Another area of technology Laurie says is being developed is private information retrieval. The idea of this technology is to allow individuals to query a database, but ensure the database doesn’t know what they’re retrieving. This tech would allow you to interact with complicated technologies and services without the service getting to know everything about your requests.

‘The obvious way is letting you get the whole database,’ says Laurie, ‘but can you do better than that?’ He gives the example of homomorphic encryption, which ‘lets you get somebody else to perform a calculation on your behalf without knowing what you’re calculating, by doing an equivalent calculation.’

This is important because it enables privacy-friendly, centralised information tools. One of the basic objections to encryption of end users’ content, such as your photos or financial information, is that cloudbased services can’t interact with the encrypted material. However, private information retrieval systems would enable you to obscure what and who is making queries, so you can effectively have your privacy cake and eat your cloud-based service.

Still, Laurie says that homomorphic encryption ‘across whole databases is insanely expensive and not really practical at the moment’. There are more efficient ways of serving the same goal, he says, ‘by asking two different servers two different things and combining the results to get the answer you want’. This system works as a privacy technology as long as the servers are trusted not to talk to each other to work out what you’re doing.

All technologies can have downsides and limitations, says Laurie. ‘Tor, in fact, is not that great against attackers who have a view of the whole network. If you wanted to make it great you would have to slow down users to provide truly good anonymity.’ But the bigger picture, he says, includes institutional hypocrisy on the part of governments.

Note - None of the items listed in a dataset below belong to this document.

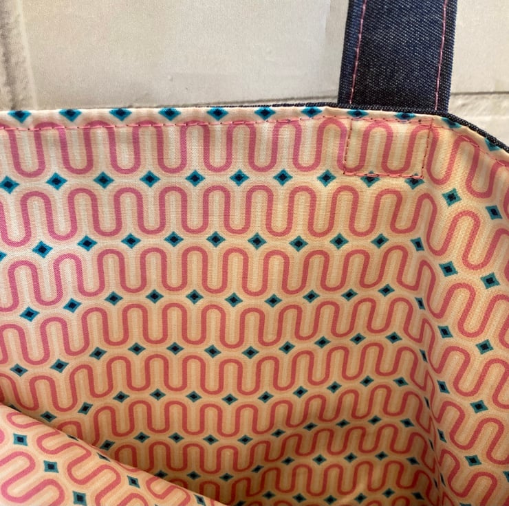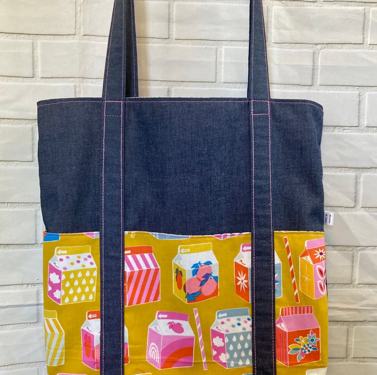 Tote bag with pockets made from lightweight denim and fabulous patterned cotton.
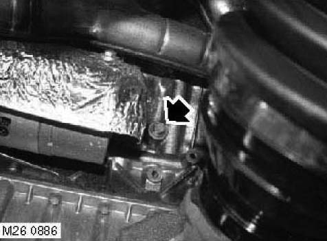 9. Remove cylinder block drain plug and allow coolant to drain. Discard sealing washer.
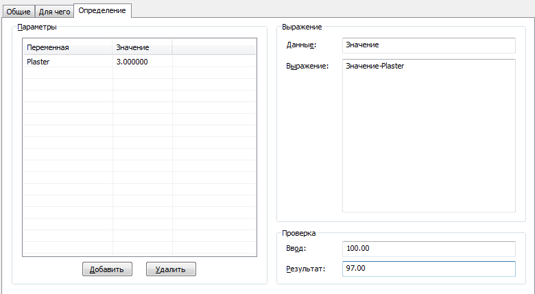 . Переменная состоит из имени переменной и ее величины. Например, для того, чтобы вычесть 3% штукатурки, нажмите "Добавить", введите "Учет_штукатурки" в поле "Переменная" и 0,97 - в поле "Значение".
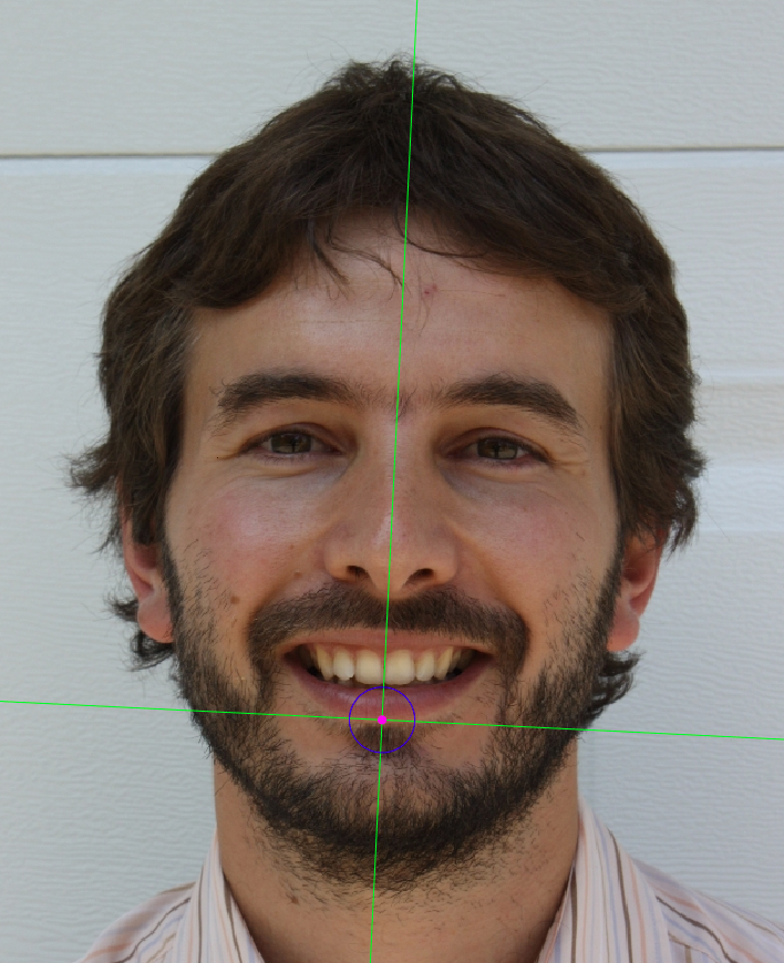 Place labiale superius over the most anterior point at the superior margin of the vermillion border of the upper lip. The horizontal line should be placed over the vermillion border of the upper lip and the vertical line on the most anterior point at the vermillion border.

‘There’s a brilliant piece of doublethink going on,’ says Laurie. ‘The perceived need for privacy technologies is also perceived by governments. They would like people to not be using them, unless they’re people who they would like to be using them. The people they would like to be using them are, for example, the military and covert operations, but also dissidents in countries whose regimes they don’t approve of. So Obama funds Radio Free Asia, which funds the Open Tech Fund, which funds exactly the things Cameron wants to ban.’